With respect to 165 input variables

and tertile of disease prevalence rate as a target variable,

decision tree analysis is conducted.

For Hypertension, 7 influential factors are retrieved,

which are marriage rate,

and private insurance applications as positive factors,

which means more the factor,

the less disease prevalence.

On the other hand,

employer rate ratio, widowed percentage,

number of teeth scaling, residence period,

brushing teeth after lunch,

are retrieved as a negative factors.

Some variables make sense,

and some variables do not.

Anyway, it can be said that marital status, economy,

and hygiene of lifestyle are major factors of Hypertension prevalence rate.

The same decision tree analysis was conducted for finding influential factors for Stroke.

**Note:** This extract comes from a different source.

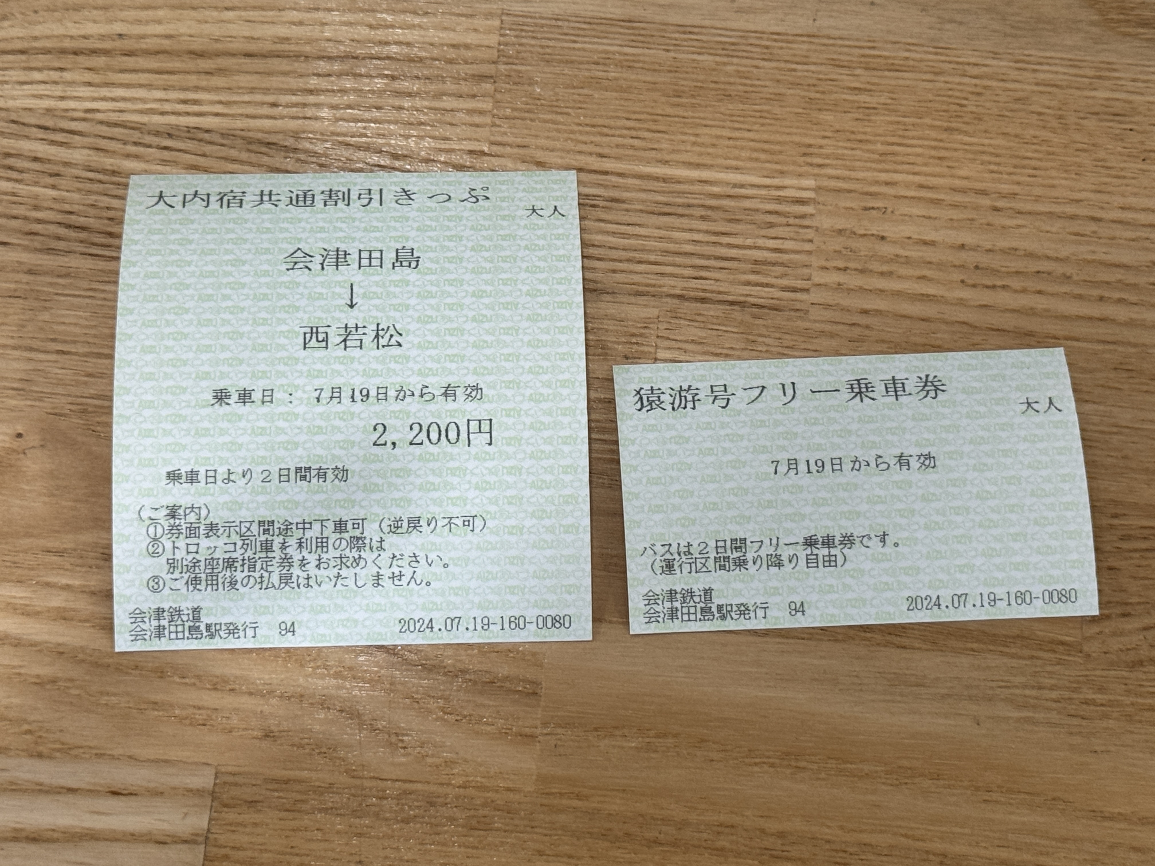 2,200엔짜리 오우치쥬쿠 공통 할인 승차권을 샀습니다.
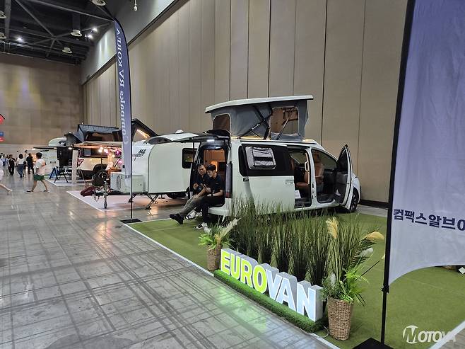 국내에서 스타리아 기반 캠퍼밴으로 많은 사랑을 받고 있는 컴팩스RV코리아는 신개념의 팝업텐트를 적용한 유로밴 플렉스를 선보였다. 유로밴 플렉스는 기존 삼각형으로 전개되는 루프의 반대편을 더 크게 들어 올리는 방식으로 4주식 루프를 구현했기 때문이다. 그 뿐만 아니라 구조 상, 필연적으로 전동식을 주력으로 사용하게 되는 종래의 4주식 팝업텐트와 달리, 이 루프는 기존 삼각 루프와 동일하게 오직 수동으로, 그것도 아주 손쉽게 전개와 철수가 가능한 구조를 채용하고 있으며, 그 덕분에 가격 또한 전시장 특가호 660만원에 불과해 많은 주목을 끌었다.

Again, 7 factors were retrieved which are marriage rate,

weight control as positive factors,

and number of people experienced the depression,

number of people who get stress counseling, anxiety/depression level,

residence tax as negative factors.

It is also very interesting finding that the root node,

which is the most important factor of decision tree is marriage rate,

for both Hypertension and Stroke.

This is the power of data science.

The data tells, if you want to be healthy from Hypertension and Stroke,

the answer is to get married.

The same analysis was conducted with respect to Diabetes.

Number of health center visits, local income tax,

urban planning tax, and average sleeping time were positive factors.

And exercise capacity, number of peoples in diet control,

number of people of flu vaccine were negative factors.

Diabetes has influential factors mainly related to

economic variables and level of health care.